True-Song True-Song 9 years
Good point! But if your family's lived there forever you probably don't want to move. Too bad people are so emotional. Ruins our great plans.
hypnoticmix hypnoticmix 9 years
If it's that damn hard to live there and only 3,000 residents I think they would be better off coming back to the mainland and giving the island back to nature.
stephley stephley 9 years
Probably, but the neighbors would laugh and say rude things about your intelligence in Gaelic.
MartiniLush MartiniLush 9 years
What if you promise to learn Gaelic really really well????
True-Song True-Song 9 years
Could you buy there if you're a non-Gaelic speaker but you agree to pay taxes?
stephley stephley 9 years
Always with the clouds Steph!
amybdk amybdk 9 years
There you go again, Miss Negative Nancy. :wink:
stephley stephley 9 years
Don't pack yet: "Whatever the possible effects of a change, strict planning and residency laws would almost certainly prevent complete outsiders buying up island property. You currently have to be a native Gaelic speaker, for a start."

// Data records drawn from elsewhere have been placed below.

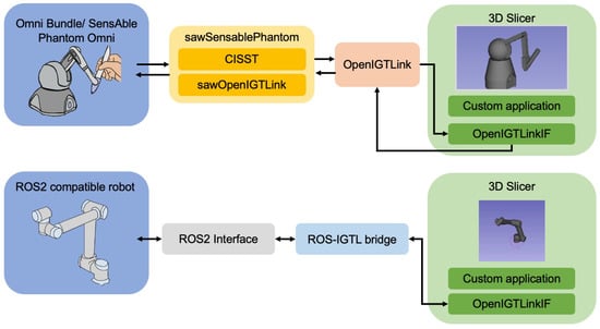 Similarly, the ROS-IGTL bridge has been implemented for message transfer between ROS and OpenIGTLink. Instead of requiring a custom interface to read joint values from the device, the ROS-IGTL bridge is set up to interface directly with ROS-compatible devices. Messages can be sent from ROS to OpenIGTLink with the bridge and vice versa. Figure 5 describes both of these approaches in more detail.
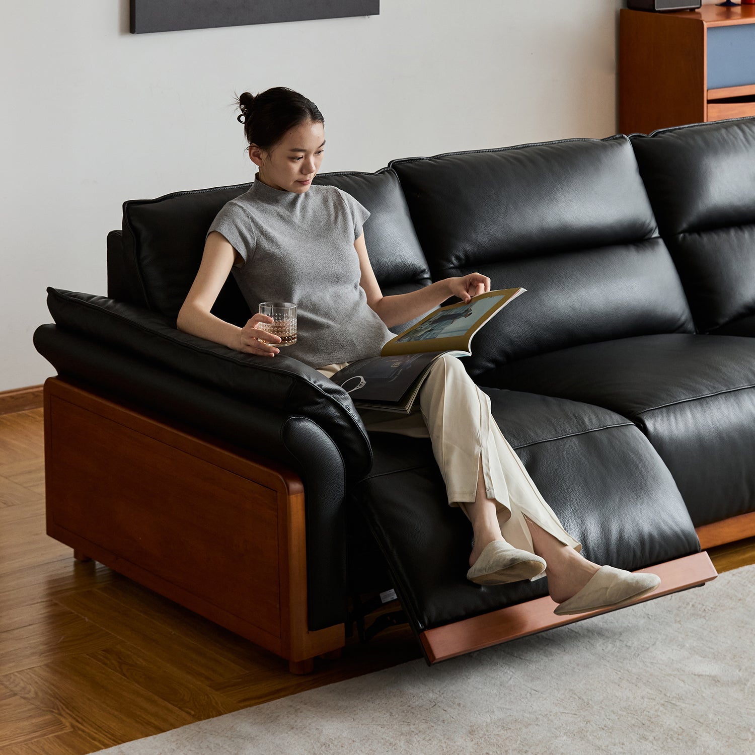 Wrapped in premium genuine leather, this sofa delivers a naturally soft touch, rich texture, and lasting durability that looks better with time and daily use. |
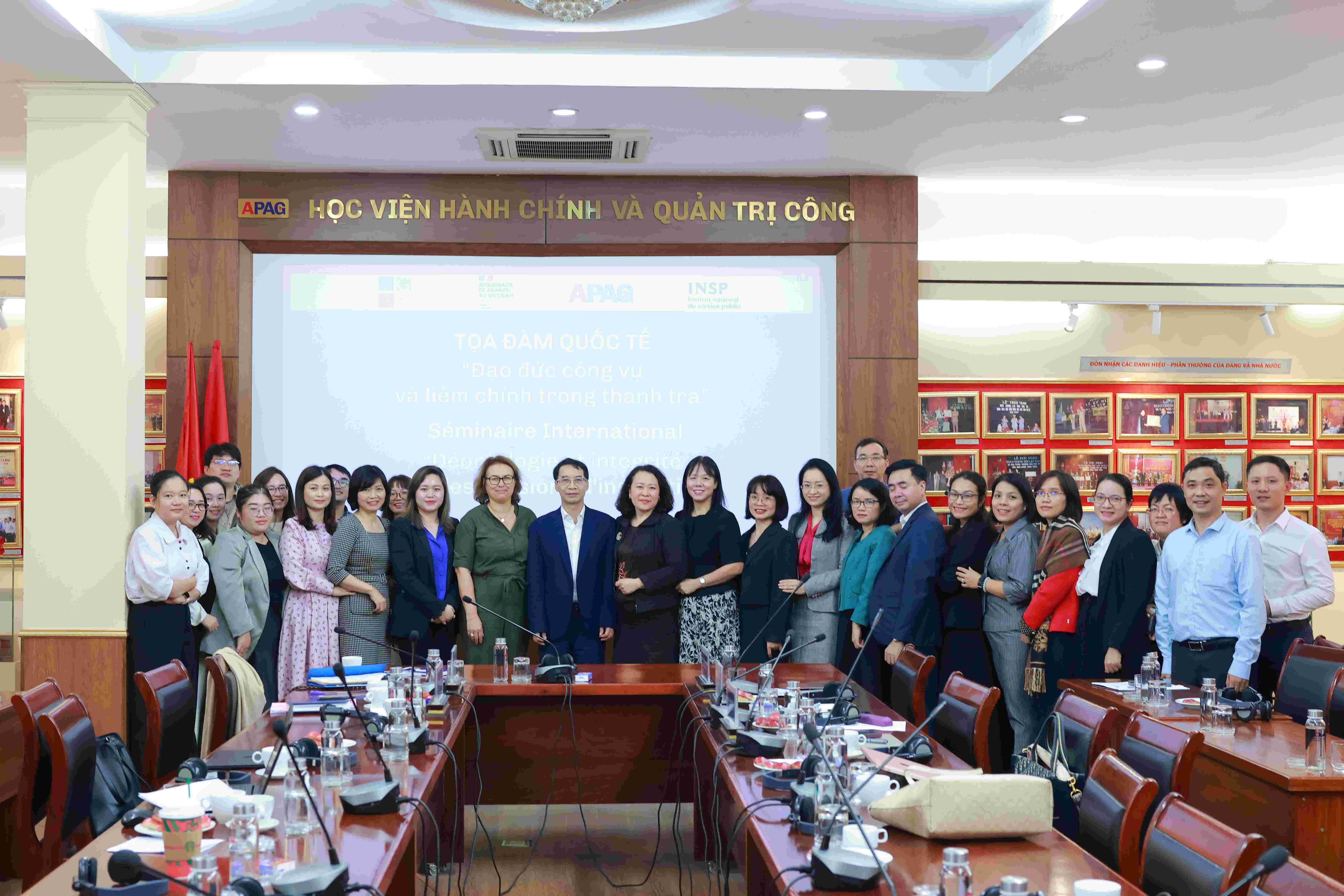 (apag.edu.vn) - Sáng 11/11/2025, tại Hà Nội, Học viện Hành chính và Quản trị công phối hợp với Tổng Thanh tra hành chính Pháp (IGA) và Đại sứ quán Pháp tại Việt Nam tổ chức Tọa đàm khoa học quốc tế với chủ đề “Đạo đức công vụ và liêm chính trong thanh tra”. Chương trình diễn ra nhân chuyến công tác tại Việt Nam của bà Marion Pujau-Bosq, Phó Tổng Thanh tra hành chính Cộng hòa Pháp.
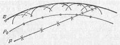 Рис. 272. К пояснению принципа Гюйгенса: Р0 — вспомогательная поверхность, совпадающая в момент t0=0 с положением фронта сферической расходящейся волны; соответствующие вторичные волны (центры — светлые кружки) изображены сплошными дугами; Р — произвольная вспомогательная поверхность; соответствующие вторичные волны (центры — крестики) изображены штриховыми дугами; S — волновая поверхность в момент t, построенная как огибающая вторичных волн принцип Гюйгенса с большой пользой применяется при разборе различных вопросов о распространении волн. Один из примеров такого применения мы найдем в следующем параграфе. § 130. Законы отражения и преломления света на основе принципа Гюйгенса. Пусть на границу раздела двух сред аb (рис. 273) падает параллельный пучок лучей, образуя
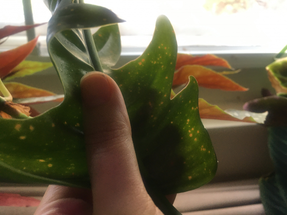on the philodendron narrow the damage is significant and the little yellow dots left by this pest weep
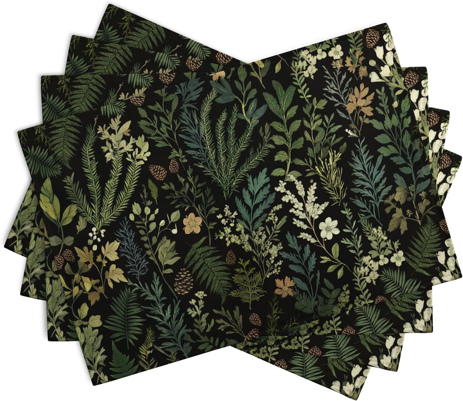 Black Sage Green Plant Placemats Set of 4 Vintage Botanic Fern Leaves Herb Floral Place Mats Rustic Farmhouse Linen Fabric Table Mats for Party Kitchen Dining Outdoor Indoor Decor
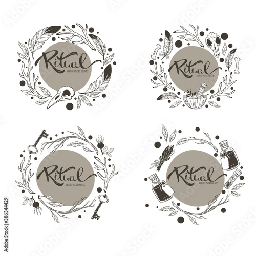 Vintage magic potion bottles and mystical card for alchemy and fantasy design
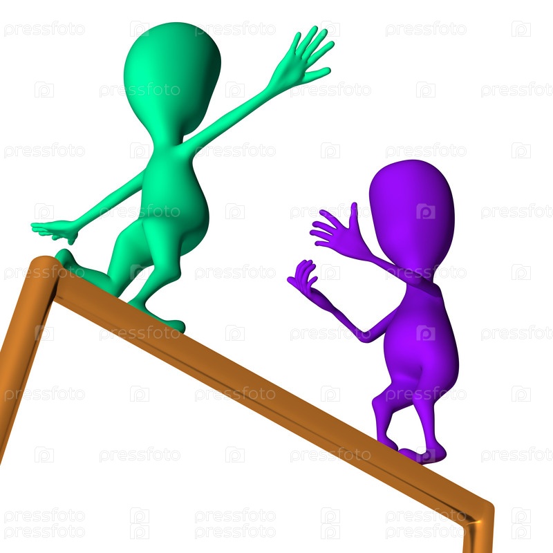 Фиолетовая 3D-кукла поощряет вторую куклу сделать шаг вперед
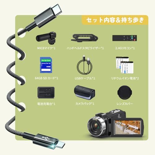 【8K解像度 ビデオと6400万画素 写真?ビデオカメラ 8K】このビデオカメラは最大8 Kのビデオ解像度と驚異的な6400万画素を提供することができる。最大270度回転する3.0インチのタッチスクリーン(16:9)を備えており、初心者にも適した簡単な操作を保証します。8K ビデオカメラは鮮明で詳細な画像をキャプチャします。付属の64 GB高速SDカードは十分なストレージスペースを提供します。最大サポートを 256 GB まで拡張できるため、ストレージを安心して利用できます。1500mAhの充電式バッテリーが2枚を搭載されているため、長時間の撮影が可能で、毎日のニーズを満たすことができます。充電しながらの録画にも対応しているので、バッテリー不足で撮影が中断されることもありません。運動会、卒業式、忘年会、イベント、旅行など場面で大活躍します! 日常生活もアウトドア旅行もスポーツも、このカメラはすばらしい瞬間を完璧に表現することができます。
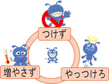 ばい菌をつけず、増やさず、やっつけろ! admin 衛生管理 2013年6月10日2016年8月29日 全国的に梅雨に入りました。 食中毒を起こす菌が活発に繁殖する「じめじめ、むしむし」した季節になりました。味や味覚に変化がなくても、菌が繁殖した食品は食べると数時間後に現象が現れます。 とくに体の小さい子どもは十分気を付けましょう。 「わんぱくランチWEB」食育イラスト-菌をつけないーはこちら
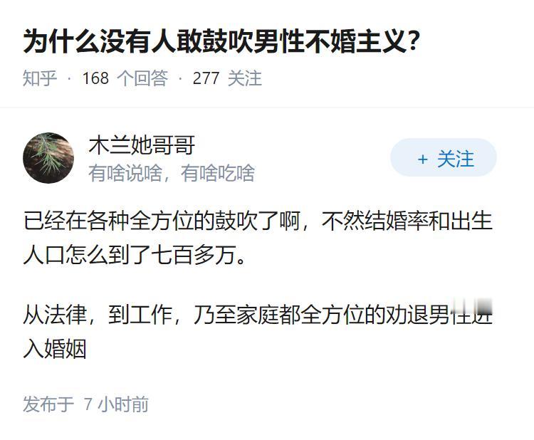 为什么没有人敢鼓吹男性不婚主义? -----------------------
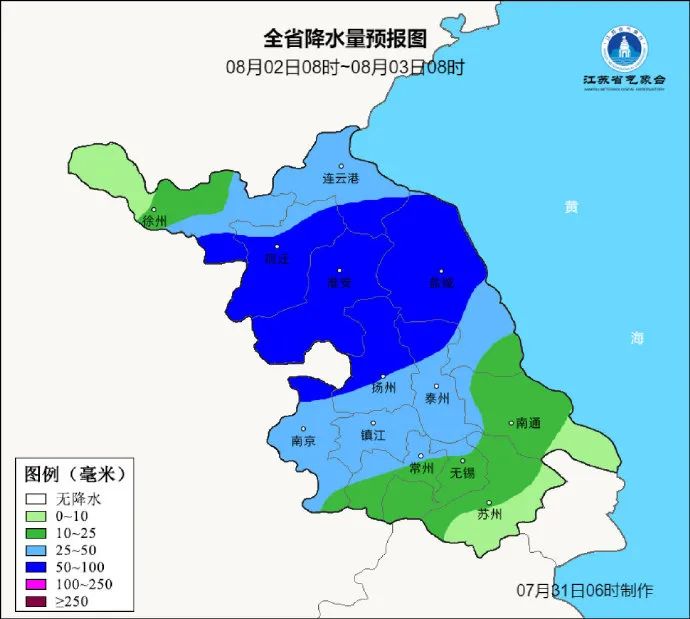 江蘇大部分地區有較強風雨
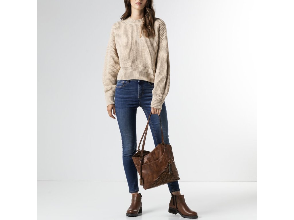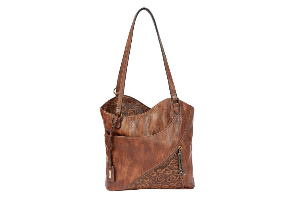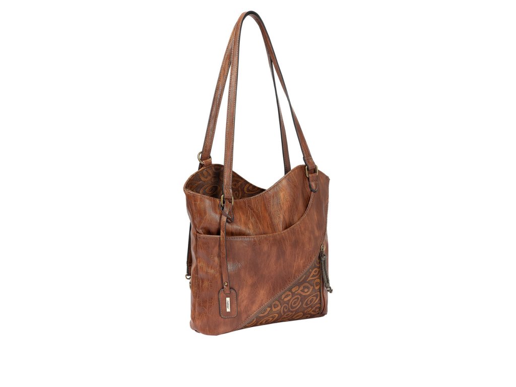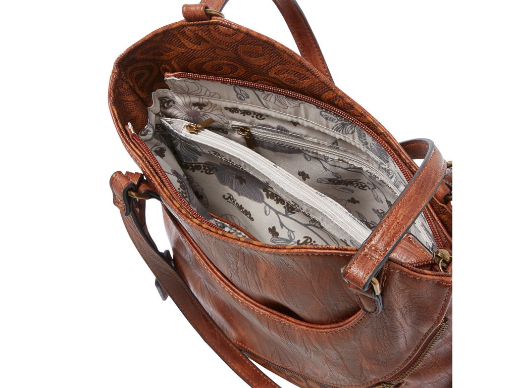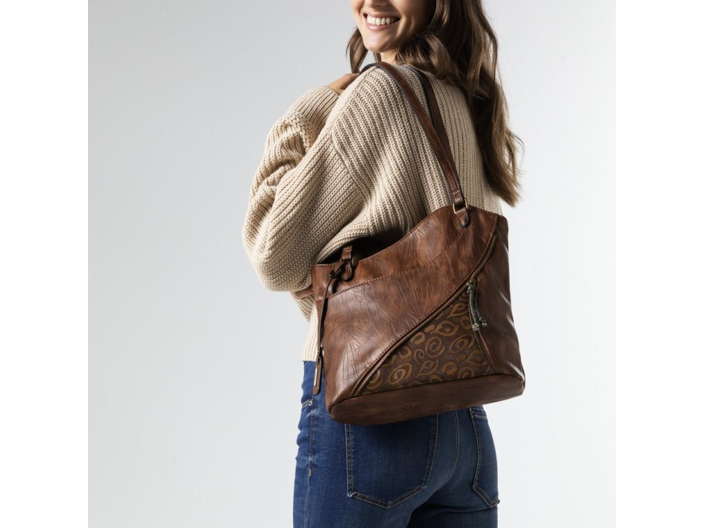 Svršek této kabelky Rieker je díky hnědému provedení a vzoru v dolním rohu poutavým a přesto decentním kouskem. Kabelka je zdobená přívěskem s logem značky a na zadní straně praktickou kapsou se zipem. U horního okraje se nachází zip, po jehož rozepnutí se otevře velká kapsa rozdělená praktickou kapsou na zip. Uvnitř kabelky se nacházejí také malé kapsičky vhodné k uložení drobností. Kabelka je vybavena dvěma delšími popruhy, díky čemu ji můžete pohodlně nosit přes rameno nebo zvolit variantu batohu.
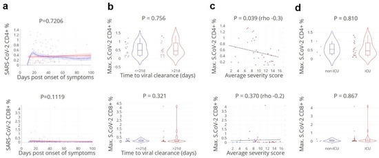 Lower SARS-CoV-2-specific CD4+ T cell counts correspond with higher disease severity. (a). Kinetics of circulating CD4+ and CD8+ T-cells specific to SARS-CoV-2 spike, nucleocapsid, and membrane peptides, in relation to the day of viral clearance. (b). Maximum values grouped by the time to viral clearance: ≤ 21 (blue)/> 21 (red) days. Lines indicate non-linear group trends. Spline regression with bootstrap confidence intervals. (c). Maximum values and average daily severity scores per patient, grouped by the time to viral clearance: ≤ 21 (blue)/> 21 (red) days. (d). Maximum values grouped by non-ICU (blue)/ICU (red) patients. SARS-CoV-2 CD4+ (%) = percentage of CD154+CD137+ out of total CD4+ T cells, SARS-CoV-2 CD8+ (%) = percentage of CD137+IFNg+ out of total CD8+ T cells. S.CoV-2; SARS-CoV-2. n = 34 patients, 130 samples. Mann–Whitney U test.
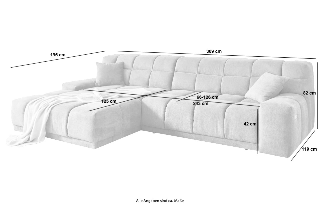 Ecksofa Landen links - mit elektrischer XXL-Sitztiefenverstellung
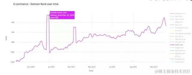 全球华人在线快时尚零售商Shein.com(希音)在我们2020年圣诞节的排名中名列前茅——它在2020年12月19日至24日期间领先于 Bestbuy.com 和 Target.com,达到第253位。在3月份,它又出现了一个高峰,在网络星期一之后,它在我们的排名中获得了2021年的最佳位置——它在2021年12月1日达到了第301位。
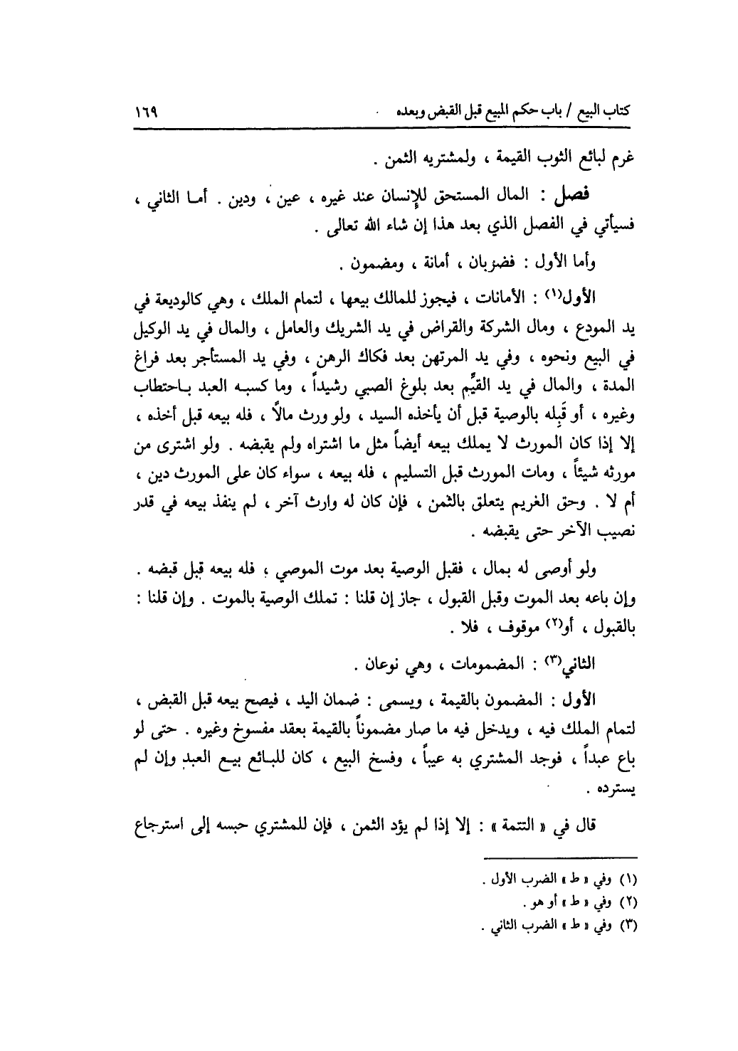 فصل المال المستحق للانسان عند غيره، عين، ودين. أما الثاني، فسيأتي في الفصل الذي بعد هذا إن شاء الله تعالى. وأما الاول: فضربان، أمانة، ومضمون. الضرب الاول: الامانات، فيجوز للمالك بيعها، لتمام الملك، وهي كالوديعة في يد المودع، ومال الشركة والقراض في يد الشريك والعامل، والمال في يد الوكيل في البيع ونحوه، وفي يد المرتهن بعد فكاك الرهن، وفي يد المستأجر بعد فراغ المدة، والمال في يد القيم بعد بلوغ الصبي رشيدا، وما كسبه العبد باحتطاب وغيره، أو قبله بالوصية قبل أن يأخذه السيد. ولو ورث مالا، فله بيعه قبل أخذه، إلا إذا كان المورث لا يملك بيعه أيضا مثل ما اشتراه ولم يقبضه. ولو اشترى من مورثه شيئا، ومات المورث قبل التسليم، فله بيعه، سواء كان على المورث دين، أم لا. وحق الغريم يتعلق بالثمن، فإن كان له وارث آخر، لم ينفذ بيعه في قدر نصيب الآخر حتى يقبضه. ولو أوصى له بمال، فقبل الوصية بعد موت الموصي، فلبيعه قبل قبضه. وإن باعه بعد الموت وقبل القبول، جاز إن قلنا: تملك الوصية بالموت. وإن قلنا: بالقبول، أو هو موقوف، فلا. الضرب الثاني: المضمونات، وهي نوعان. الاول: المضمون بالقيمة، ويسمى: ضمان اليد، فيصح بيعه قبل القبض، لتمام الملك فيه. ويدخل فيه ما صار مضمونا بالقيمة بعقد مفسوخ وغيره. حتى لو باع عبدا، فوجد المشتري به عيبا، وفسخ البيع، كان للبائع بيع العبد وإن لم يسترده، قال في التتمة: إلا إذا لم يؤد الثمن، فإن للمشتري حبسه إلى استرجاع
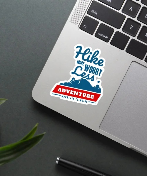 Hike More Worry Less Sticker vinyl sticker, waterproof durable collectible sticker for laptop, phone, bottle, bike, notebook, helmet, and accessories.
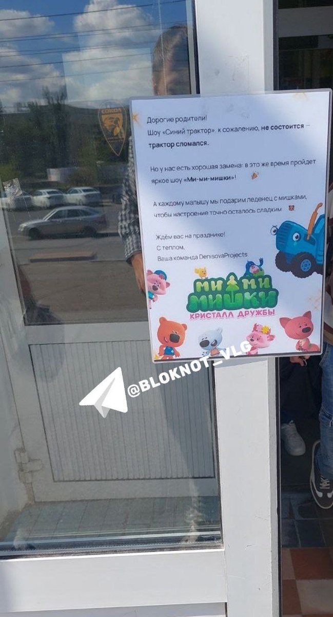 Редакция «Блокнота» связалась с организаторами шоу, в качестве которых указана DenisovaProjects. Там сообщили, что «Синий трактор» отменили по техническим причинам и пришлось заменить спектакль. Зрителей уведомили об этом за несколько дней в рассылке и социальных сетях. Тем, кто не смог прийти или отказался смотреть на «Ми-ми-мишек», пообещали вернуть деньги.
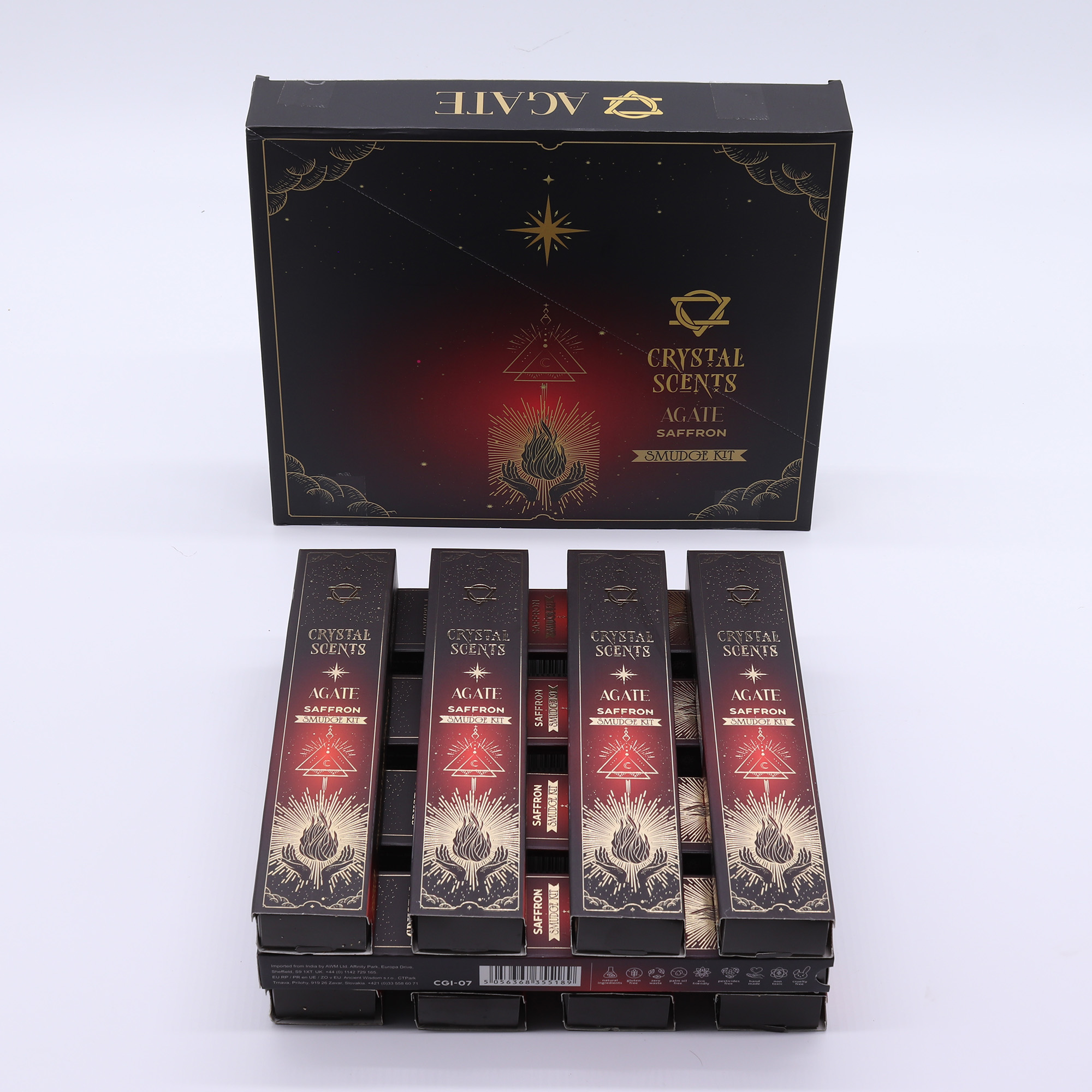 Elke verpakking bevat 10 handgemaakte smudgestokjes met een echte Rode Agaat kristal, waardoor het sterk geschikt is als cadeau en een brede retail aantrekkingskracht heeft. De warme, rijke geur maakt het geschikt voor zowel dagelijkse centreringsrituelen als seizoensdisplays.

raciccarone raciccarone 9 years
Great idea, so long as you put out your own fires, teach your own children, and never get sick.
True-Song True-Song 9 years
Of course I'd rather keep all of my money, but I like to think about the things my taxes pay for. I like to imagine all my tax money goes to libraries.
MartiniLush MartiniLush 9 years
I had the same question when I read this, Torgleson! Is the Irish government going to cover those costs?
True-Song True-Song 9 years
No taxes? None, no income tax, no sales tax, nada? Then, would there be police? Libraries? Roads?